Le mercredi 19 avril, le Premier ministre espagnol a qualifié Rabat d' »allié essentiel » dans la lutte contre l’immigration illégale. Cette déclaration est intervenue au milieu des critiques des partis d’opposition et de certains de ses propres alliés, qui estiment que l’Espagne a fait trop de concessions dans sa relation avec le Maroc.

Pedro Sanchez, un socialiste, s’est adressé à la Chambre des députés, affirmant que le Maroc est « un allié essentiel pour notre sécurité et pour une migration ordonnée dans notre pays et sur le continent européen ». Il a cité des chiffres du premier trimestre de l’année, affirmant que le nombre d’arrivées de migrants illégaux dans les îles Canaries avait diminué de 63 %, tandis que les arrivées en Grèce et en Italie avaient respectivement augmenté de 95 % et de 300 % au cours de la même période.

La relation de l’Espagne avec le Maroc est en hausse depuis que Madrid a mis fin à un différend diplomatique d’un an en mars 2022 en se rangeant du côté du Maroc sur la question du Sahara occidental. Cette décision a été critiquée par tous les partis politiques espagnols, à l’exception des socialistes dirigés par M. Sanchez, car elle rompait avec des décennies de neutralité espagnole sur la question sensible de cette ancienne colonie espagnole.

Lors d’une session parlementaire, Aitor Esteban, membre du Parti nationaliste basque (PNV) et un soutien habituel du gouvernement, a accusé le Premier ministre de vendre les droits du peuple sahraoui et d’arrêter l’immigration en provenance du Maroc en échange de soutien sur la question du Sahara occidental.

Yolanda Diaz, la ministre communiste du Travail et la troisième personnalité la plus importante du gouvernement de coalition, a également exprimé ses désaccords avec les politiques de M. Sanchez en qualifiant le Maroc de « dictature » lors d’une récente interview télévisée.

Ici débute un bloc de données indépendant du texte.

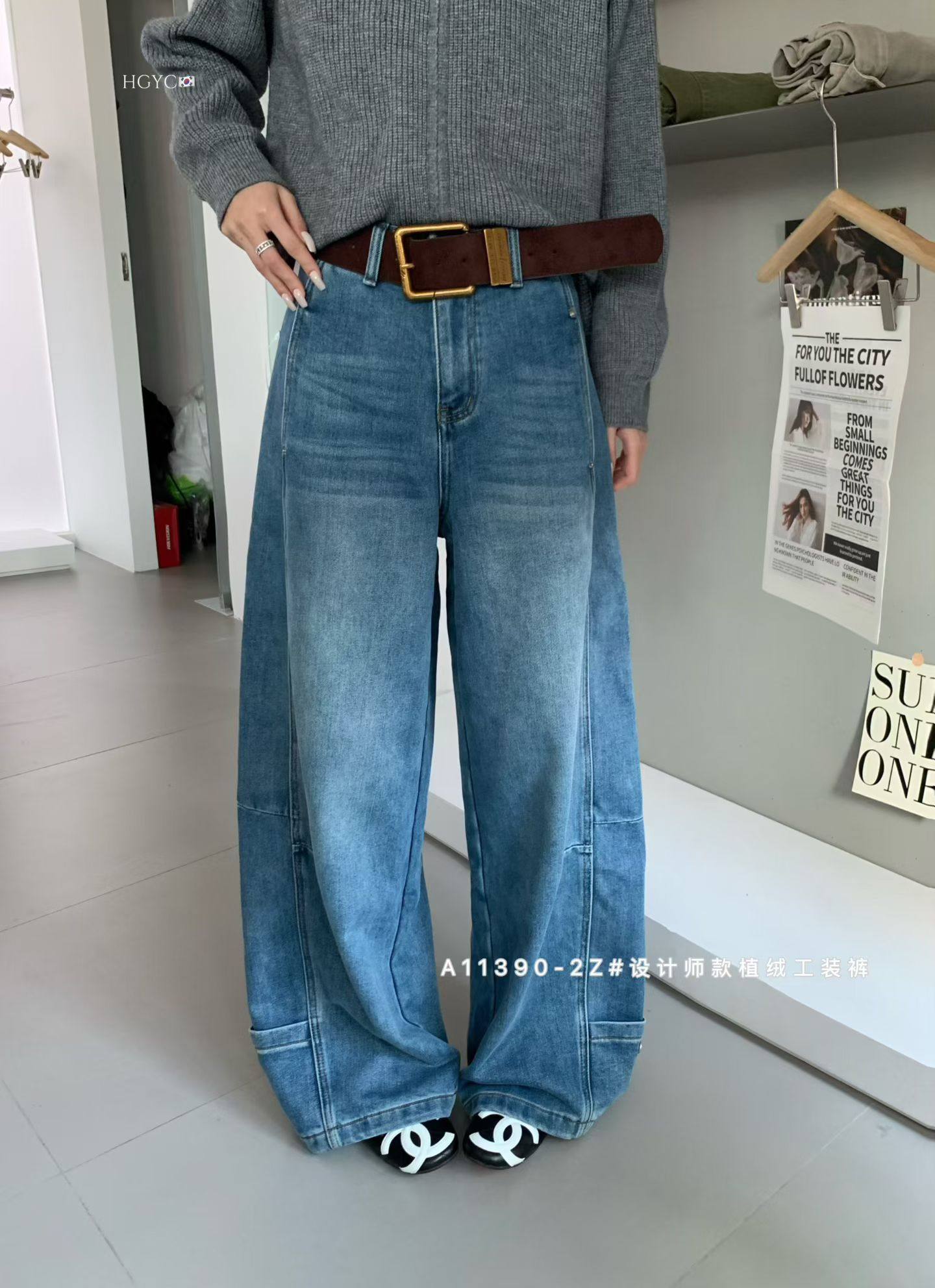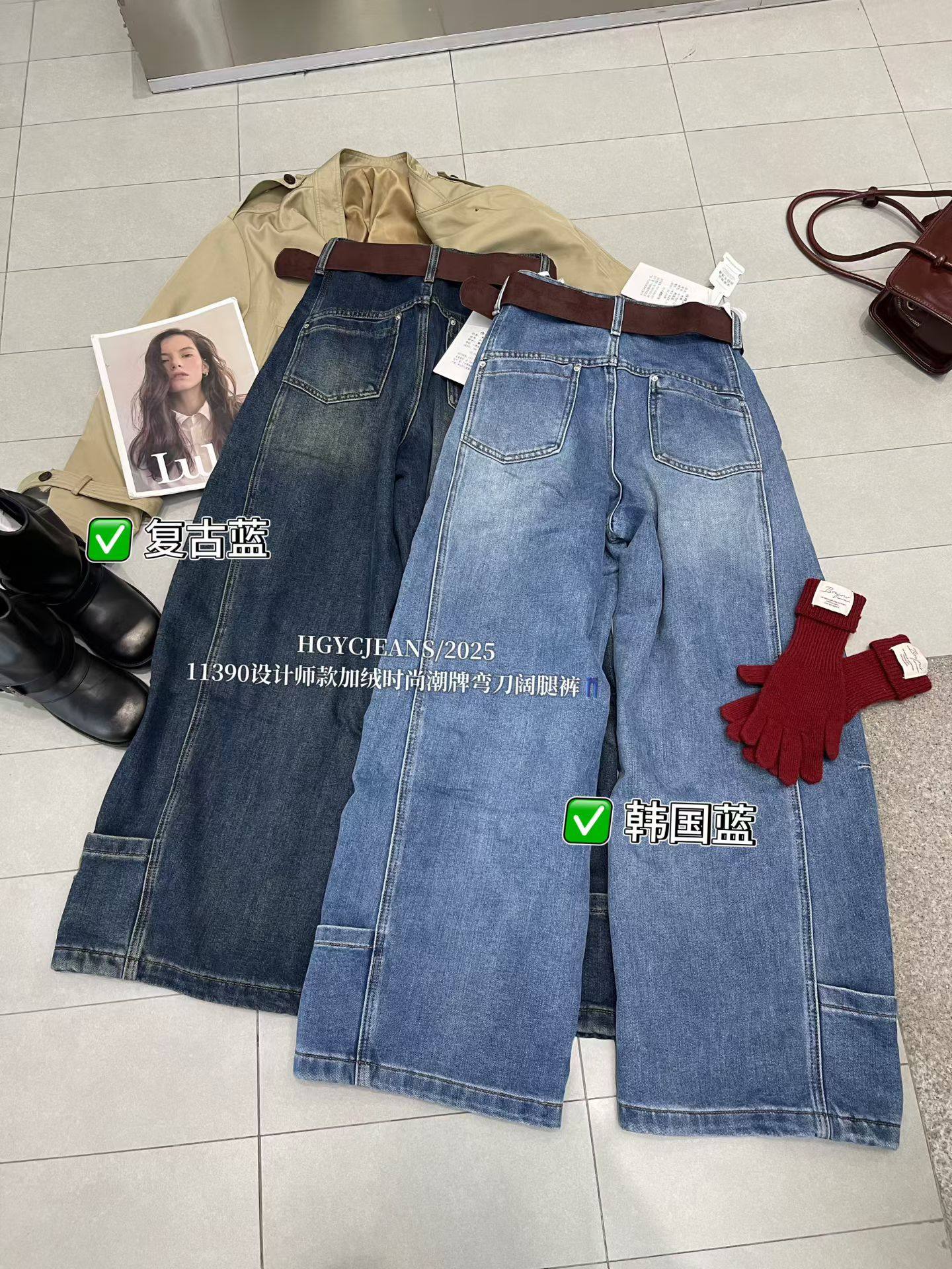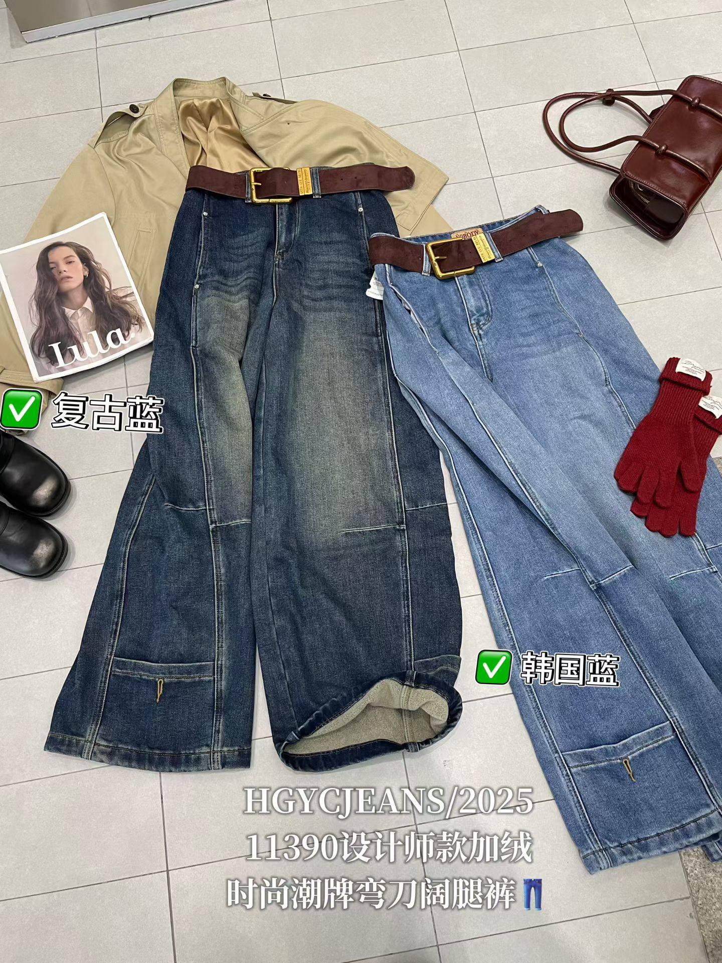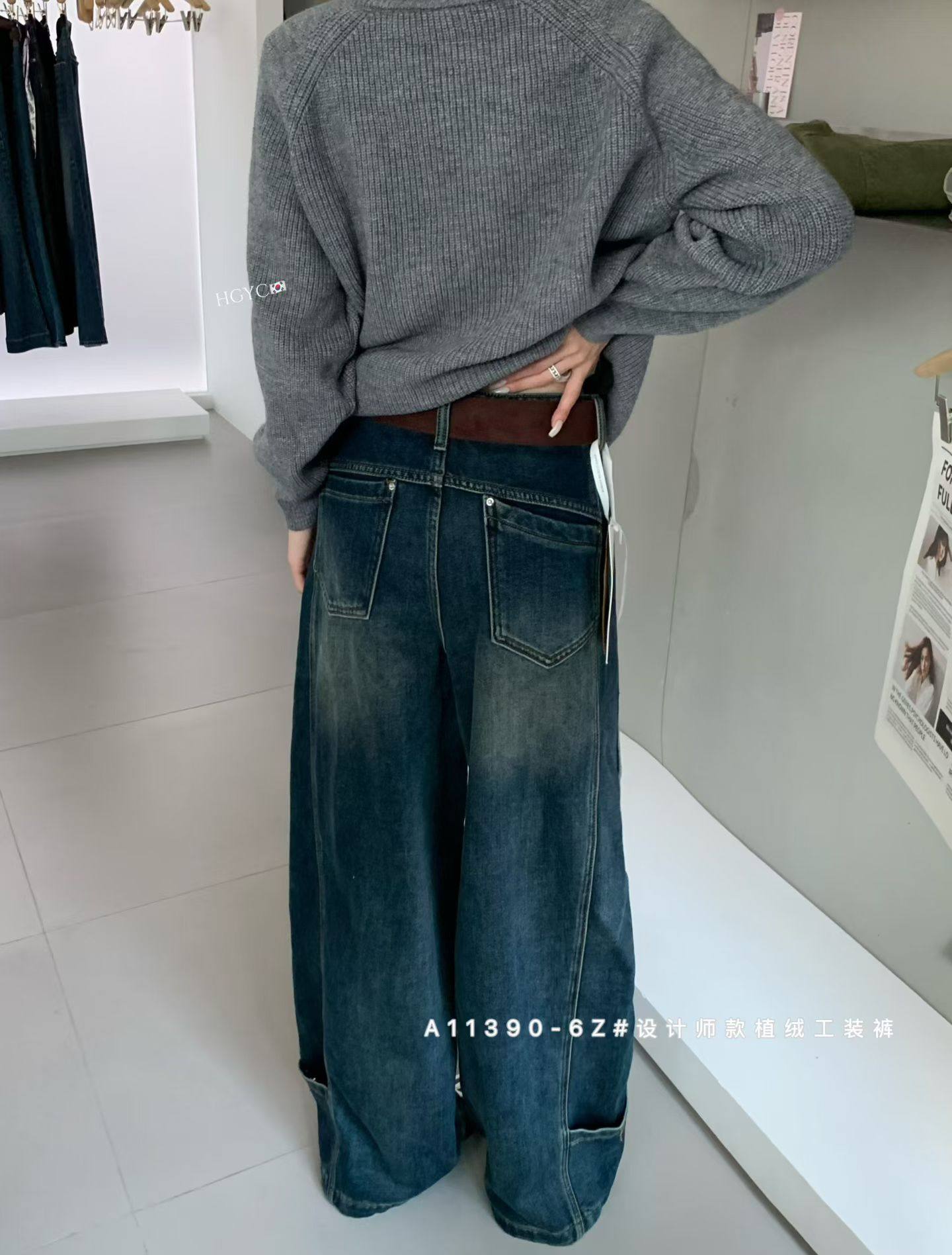 长裤 十三行冬季 女高腰宽松显瘦阔腿设计感工装 植绒牛仔裤 新款

Mme Diaz, qui a annoncé sa candidature au poste de Premier ministre lors des prochaines élections générales, a également déclaré qu’elle inverserait sans aucun doute l’accord conclu par M. Sanchez avec le Maroc sur le Sahara occidental si elle arrivait au pouvoir.

La critique de l’alliance étroite de l’Espagne avec le Maroc a également augmenté, non seulement de l’opposition de droite, mais aussi des alliés de gauche du gouvernement, depuis la tragédie de l’enclave de Melilla le 24 juin 2022. Ce jour-là, près de 2 000 migrants, principalement soudanais, ont tenté d’entrer de force dans l’enclave espagnole située sur la côte nord du Maroc, ce qui a entraîné au moins 23 décès parmi les migrants, selon les autorités marocaines, et 27 selon l’Association marocaine des droits humains (AMDH).

En résumé, l’alliance de l’Espagne avec le Maroc dans la lutte contre l’immigration illégale a été saluée par le Premier ministre mais critiquée par de nombreux opposants politiques, y compris ceux au sein de son propre gouvernement. Le récent changement diplomatique de l’Espagne concernant sa position sur le Sahara occidental a également alimenté le débat sur la nature de cette alliance, qui a rencontré une opposition de la part des factions politiques de droite et de gauche.